What this task involves ->
The result should be the listing below restated word for word, with images left out.

#### The records

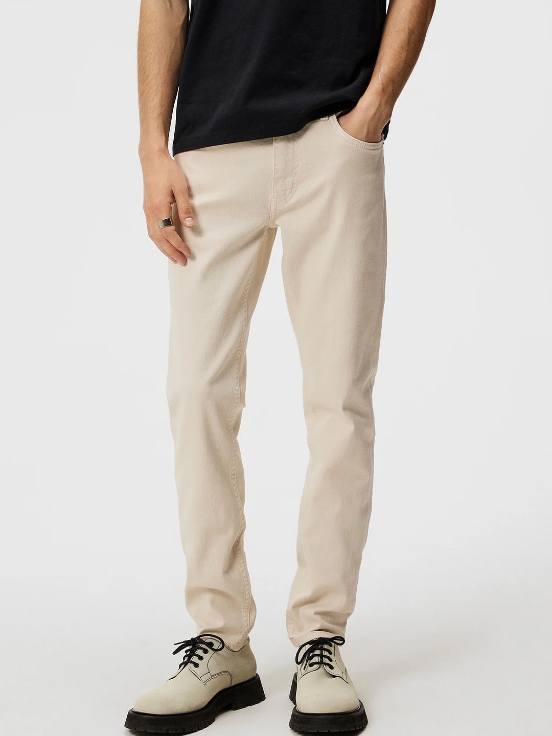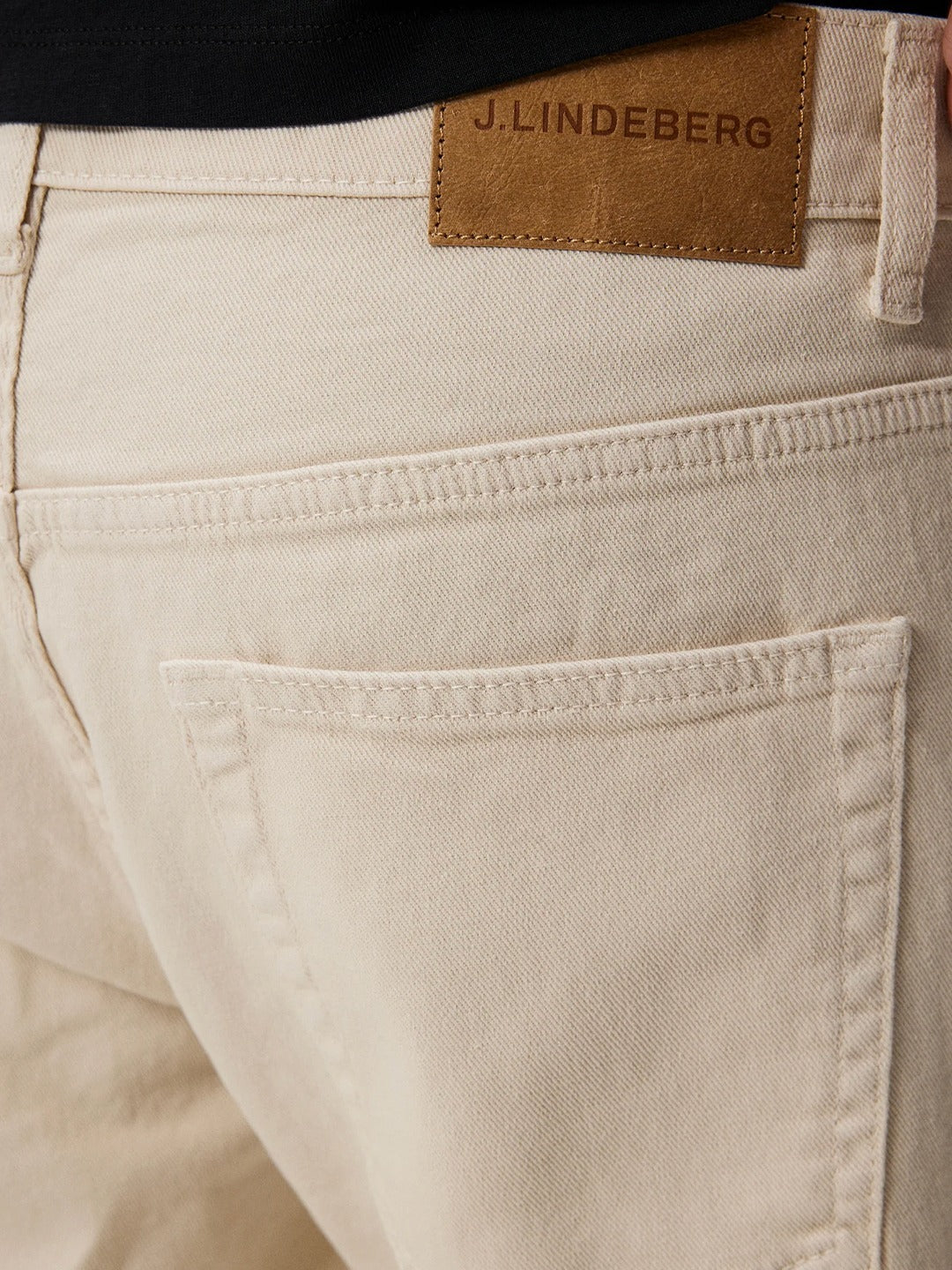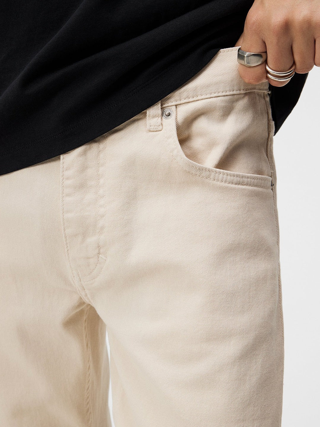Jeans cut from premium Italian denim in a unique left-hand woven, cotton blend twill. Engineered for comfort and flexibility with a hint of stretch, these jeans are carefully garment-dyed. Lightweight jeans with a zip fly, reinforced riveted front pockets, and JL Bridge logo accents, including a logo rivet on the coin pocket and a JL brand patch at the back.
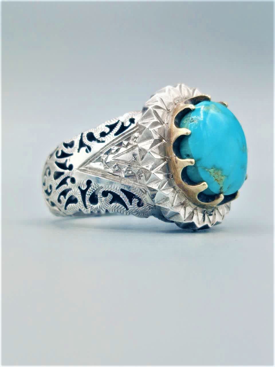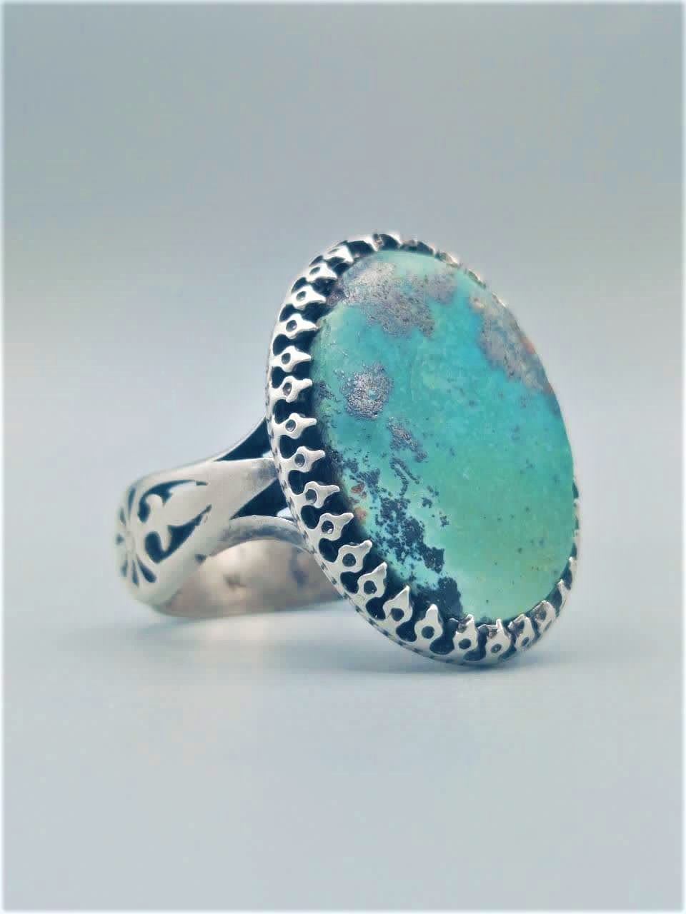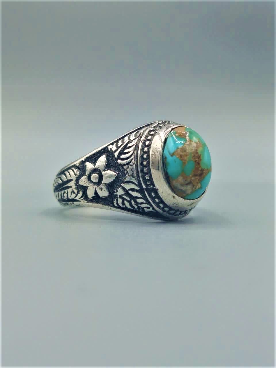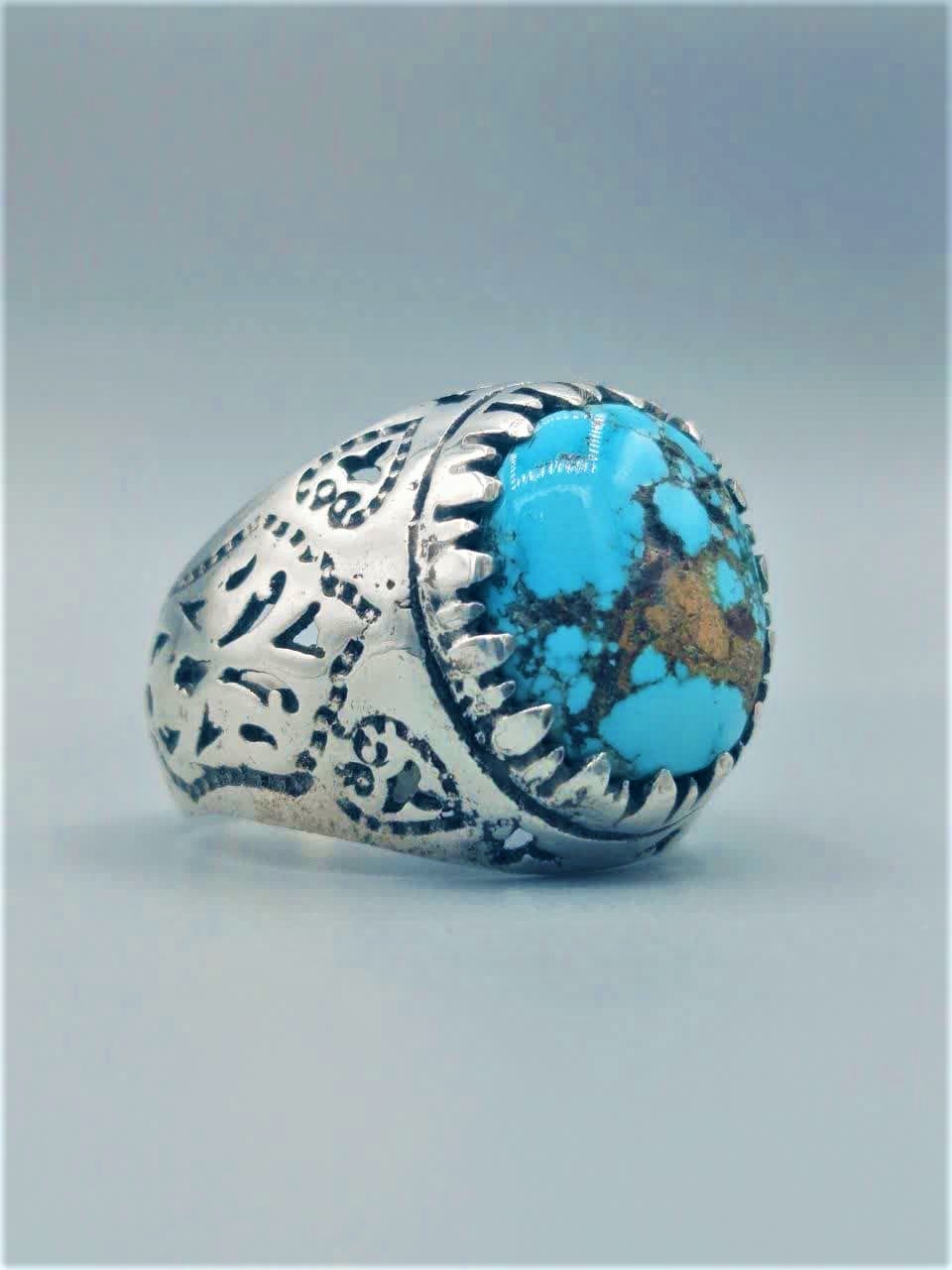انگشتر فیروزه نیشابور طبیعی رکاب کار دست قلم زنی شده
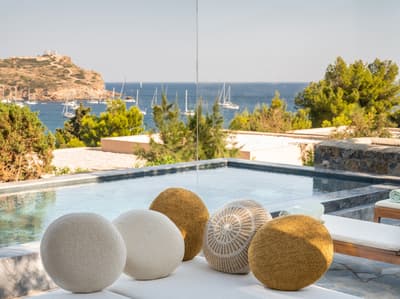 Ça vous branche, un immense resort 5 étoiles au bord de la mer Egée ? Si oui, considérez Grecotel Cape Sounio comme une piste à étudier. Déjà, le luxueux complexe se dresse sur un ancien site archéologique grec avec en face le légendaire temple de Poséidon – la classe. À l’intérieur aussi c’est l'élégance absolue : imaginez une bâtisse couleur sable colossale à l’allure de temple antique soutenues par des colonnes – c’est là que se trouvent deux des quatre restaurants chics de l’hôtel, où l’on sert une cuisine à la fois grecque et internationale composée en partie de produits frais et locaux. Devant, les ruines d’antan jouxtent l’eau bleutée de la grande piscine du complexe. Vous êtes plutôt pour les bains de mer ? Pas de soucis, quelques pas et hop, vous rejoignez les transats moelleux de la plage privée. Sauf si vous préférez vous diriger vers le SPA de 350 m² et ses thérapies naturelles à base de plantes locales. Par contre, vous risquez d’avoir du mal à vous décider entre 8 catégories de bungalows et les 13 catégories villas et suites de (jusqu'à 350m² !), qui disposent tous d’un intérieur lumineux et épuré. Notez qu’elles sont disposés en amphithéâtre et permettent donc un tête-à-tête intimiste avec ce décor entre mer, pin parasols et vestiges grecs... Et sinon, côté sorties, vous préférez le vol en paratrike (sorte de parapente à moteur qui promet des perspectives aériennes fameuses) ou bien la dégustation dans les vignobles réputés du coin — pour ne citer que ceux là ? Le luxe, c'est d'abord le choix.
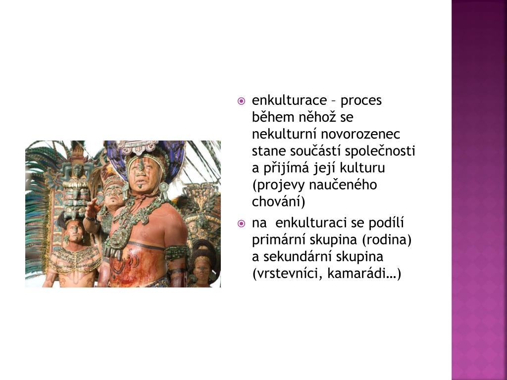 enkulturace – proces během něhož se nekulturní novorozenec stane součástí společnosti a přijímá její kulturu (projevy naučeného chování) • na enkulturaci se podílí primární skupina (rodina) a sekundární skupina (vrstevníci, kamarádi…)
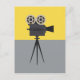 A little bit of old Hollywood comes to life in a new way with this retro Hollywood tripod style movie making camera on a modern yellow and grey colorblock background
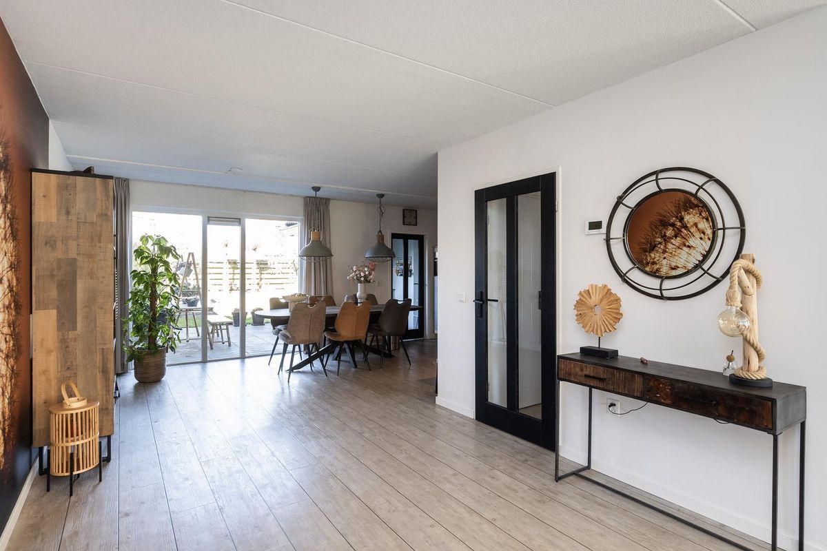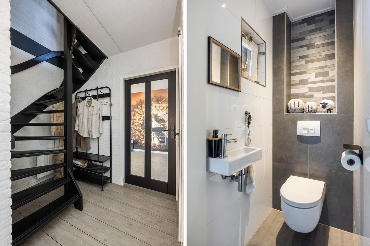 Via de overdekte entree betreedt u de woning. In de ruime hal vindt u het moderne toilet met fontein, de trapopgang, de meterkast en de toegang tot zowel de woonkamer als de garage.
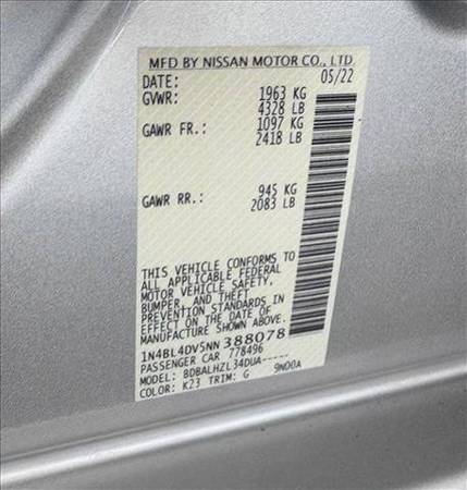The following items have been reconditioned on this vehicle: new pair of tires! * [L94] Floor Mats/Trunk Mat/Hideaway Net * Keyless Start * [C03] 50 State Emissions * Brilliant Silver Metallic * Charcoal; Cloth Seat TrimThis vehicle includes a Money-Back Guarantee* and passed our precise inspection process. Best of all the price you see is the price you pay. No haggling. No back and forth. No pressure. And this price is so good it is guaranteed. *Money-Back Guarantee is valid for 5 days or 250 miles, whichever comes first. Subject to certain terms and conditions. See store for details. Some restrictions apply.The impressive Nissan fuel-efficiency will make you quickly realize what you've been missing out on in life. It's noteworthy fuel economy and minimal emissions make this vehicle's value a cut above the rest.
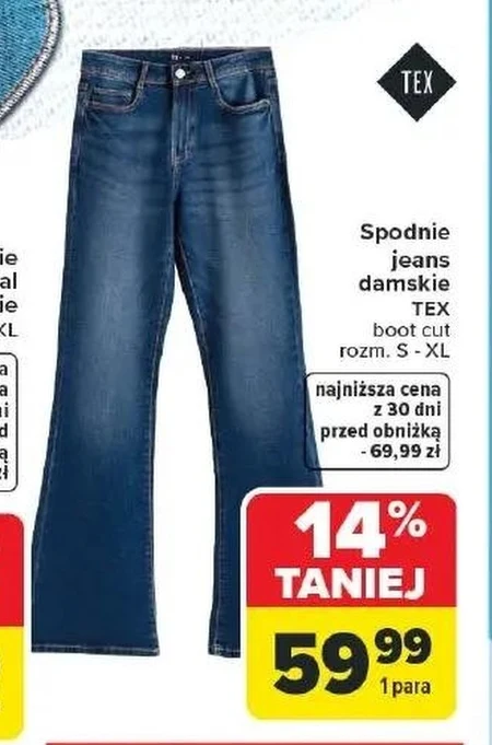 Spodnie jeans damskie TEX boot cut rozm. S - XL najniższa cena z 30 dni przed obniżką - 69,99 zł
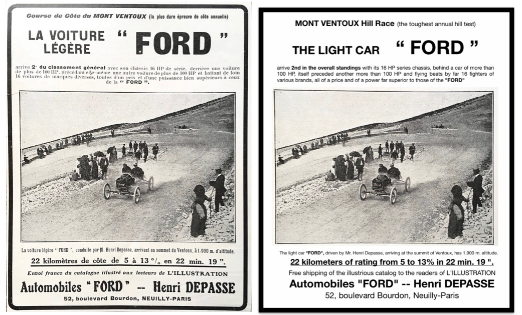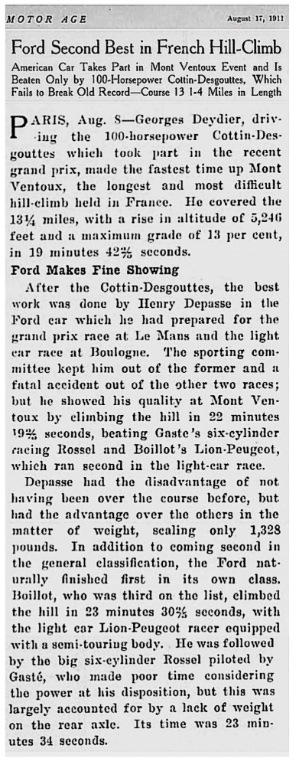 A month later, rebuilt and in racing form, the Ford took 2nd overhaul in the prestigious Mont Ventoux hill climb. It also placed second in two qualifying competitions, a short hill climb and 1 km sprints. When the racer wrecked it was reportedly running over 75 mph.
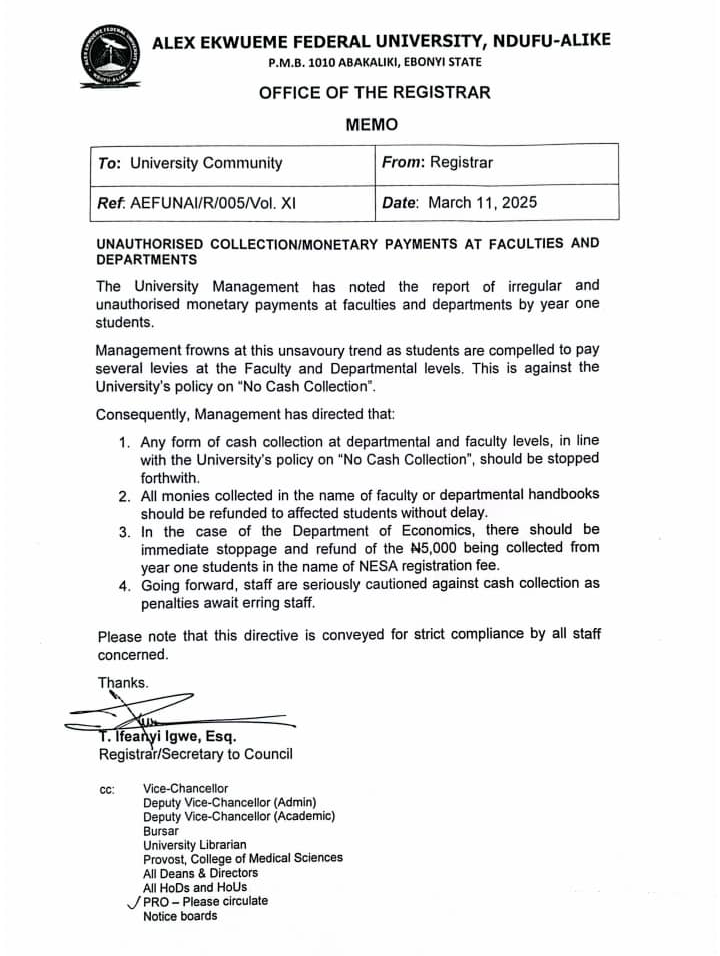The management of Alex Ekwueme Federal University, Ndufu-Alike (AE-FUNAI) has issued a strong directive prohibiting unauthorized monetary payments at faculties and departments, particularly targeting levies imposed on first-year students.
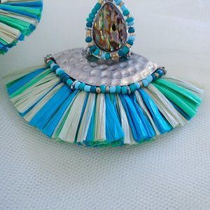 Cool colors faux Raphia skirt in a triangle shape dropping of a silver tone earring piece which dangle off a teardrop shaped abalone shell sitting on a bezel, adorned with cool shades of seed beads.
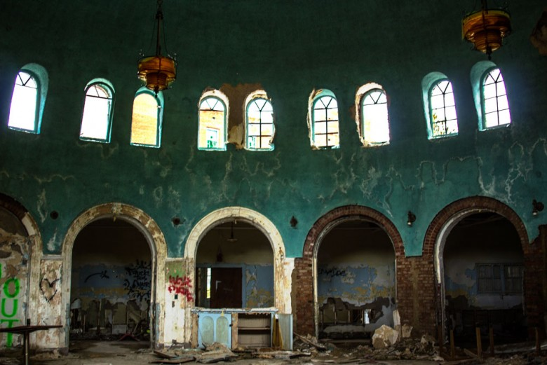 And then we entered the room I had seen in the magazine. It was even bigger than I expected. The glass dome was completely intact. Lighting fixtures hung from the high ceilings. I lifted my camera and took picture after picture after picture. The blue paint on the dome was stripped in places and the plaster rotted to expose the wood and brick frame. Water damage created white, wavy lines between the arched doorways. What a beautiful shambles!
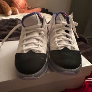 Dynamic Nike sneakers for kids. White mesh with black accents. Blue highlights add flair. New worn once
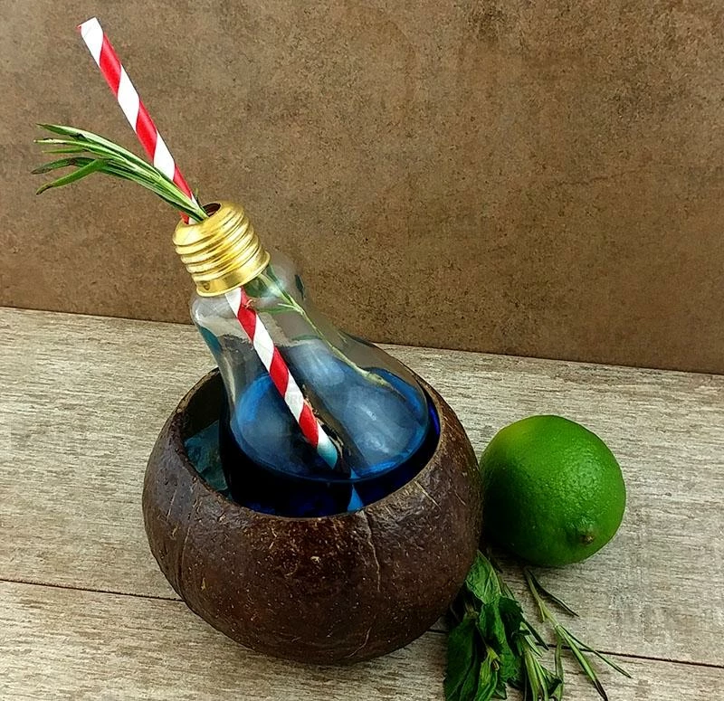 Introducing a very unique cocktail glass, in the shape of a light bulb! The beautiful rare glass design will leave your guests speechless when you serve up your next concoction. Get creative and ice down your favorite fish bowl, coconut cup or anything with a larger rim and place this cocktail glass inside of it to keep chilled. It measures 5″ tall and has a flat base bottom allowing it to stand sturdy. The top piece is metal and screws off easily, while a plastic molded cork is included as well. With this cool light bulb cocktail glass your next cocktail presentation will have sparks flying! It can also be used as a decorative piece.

########

Solution to the exercise ->
Jeans cut from premium Italian denim in a unique left-hand woven, cotton blend twill. Engineered for comfort and flexibility with a hint of stretch, these jeans are carefully garment-dyed. Lightweight jeans with a zip fly, reinforced riveted front pockets, and JL Bridge logo accents, including a logo rivet on the coin pocket and a JL brand patch at the back.
انگشتر فیروزه نیشابور طبیعی رکاب کار دست قلم زنی شده
 Ça vous branche, un immense resort 5 étoiles au bord de la mer Egée ? Si oui, considérez Grecotel Cape Sounio comme une piste à étudier. Déjà, le luxueux complexe se dresse sur un ancien site archéologique grec avec en face le légendaire temple de Poséidon – la classe. À l’intérieur aussi c’est l'élégance absolue : imaginez une bâtisse couleur sable colossale à l’allure de temple antique soutenues par des colonnes – c’est là que se trouvent deux des quatre restaurants chics de l’hôtel, où l’on sert une cuisine à la fois grecque et internationale composée en partie de produits frais et locaux. Devant, les ruines d’antan jouxtent l’eau bleutée de la grande piscine du complexe. Vous êtes plutôt pour les bains de mer ? Pas de soucis, quelques pas et hop, vous rejoignez les transats moelleux de la plage privée. Sauf si vous préférez vous diriger vers le SPA de 350 m² et ses thérapies naturelles à base de plantes locales. Par contre, vous risquez d’avoir du mal à vous décider entre 8 catégories de bungalows et les 13 catégories villas et suites de (jusqu'à 350m² !), qui disposent tous d’un intérieur lumineux et épuré. Notez qu’elles sont disposés en amphithéâtre et permettent donc un tête-à-tête intimiste avec ce décor entre mer, pin parasols et vestiges grecs... Et sinon, côté sorties, vous préférez le vol en paratrike (sorte de parapente à moteur qui promet des perspectives aériennes fameuses) ou bien la dégustation dans les vignobles réputés du coin — pour ne citer que ceux là ? Le luxe, c'est d'abord le choix.
 enkulturace – proces během něhož se nekulturní novorozenec stane součástí společnosti a přijímá její kulturu (projevy naučeného chování) • na enkulturaci se podílí primární skupina (rodina) a sekundární skupina (vrstevníci, kamarádi…)
 A little bit of old Hollywood comes to life in a new way with this retro Hollywood tripod style movie making camera on a modern yellow and grey colorblock background
 Via de overdekte entree betreedt u de woning. In de ruime hal vindt u het moderne toilet met fontein, de trapopgang, de meterkast en de toegang tot zowel de woonkamer als de garage.
The following items have been reconditioned on this vehicle: new pair of tires! * [L94] Floor Mats/Trunk Mat/Hideaway Net * Keyless Start * [C03] 50 State Emissions * Brilliant Silver Metallic * Charcoal; Cloth Seat TrimThis vehicle includes a Money-Back Guarantee* and passed our precise inspection process. Best of all the price you see is the price you pay. No haggling. No back and forth. No pressure. And this price is so good it is guaranteed. *Money-Back Guarantee is valid for 5 days or 250 miles, whichever comes first. Subject to certain terms and conditions. See store for details. Some restrictions apply.The impressive Nissan fuel-efficiency will make you quickly realize what you've been missing out on in life. It's noteworthy fuel economy and minimal emissions make this vehicle's value a cut above the rest.
 Spodnie jeans damskie TEX boot cut rozm. S - XL najniższa cena z 30 dni przed obniżką - 69,99 zł
 A month later, rebuilt and in racing form, the Ford took 2nd overhaul in the prestigious Mont Ventoux hill climb. It also placed second in two qualifying competitions, a short hill climb and 1 km sprints. When the racer wrecked it was reportedly running over 75 mph.
The management of Alex Ekwueme Federal University, Ndufu-Alike (AE-FUNAI) has issued a strong directive prohibiting unauthorized monetary payments at faculties and departments, particularly targeting levies imposed on first-year students.
 Cool colors faux Raphia skirt in a triangle shape dropping of a silver tone earring piece which dangle off a teardrop shaped abalone shell sitting on a bezel, adorned with cool shades of seed beads.
 And then we entered the room I had seen in the magazine. It was even bigger than I expected. The glass dome was completely intact. Lighting fixtures hung from the high ceilings. I lifted my camera and took picture after picture after picture. The blue paint on the dome was stripped in places and the plaster rotted to expose the wood and brick frame. Water damage created white, wavy lines between the arched doorways. What a beautiful shambles!
 Dynamic Nike sneakers for kids. White mesh with black accents. Blue highlights add flair. New worn once
 Introducing a very unique cocktail glass, in the shape of a light bulb! The beautiful rare glass design will leave your guests speechless when you serve up your next concoction. Get creative and ice down your favorite fish bowl, coconut cup or anything with a larger rim and place this cocktail glass inside of it to keep chilled. It measures 5″ tall and has a flat base bottom allowing it to stand sturdy. The top piece is metal and screws off easily, while a plastic molded cork is included as well. With this cool light bulb cocktail glass your next cocktail presentation will have sparks flying! It can also be used as a decorative piece.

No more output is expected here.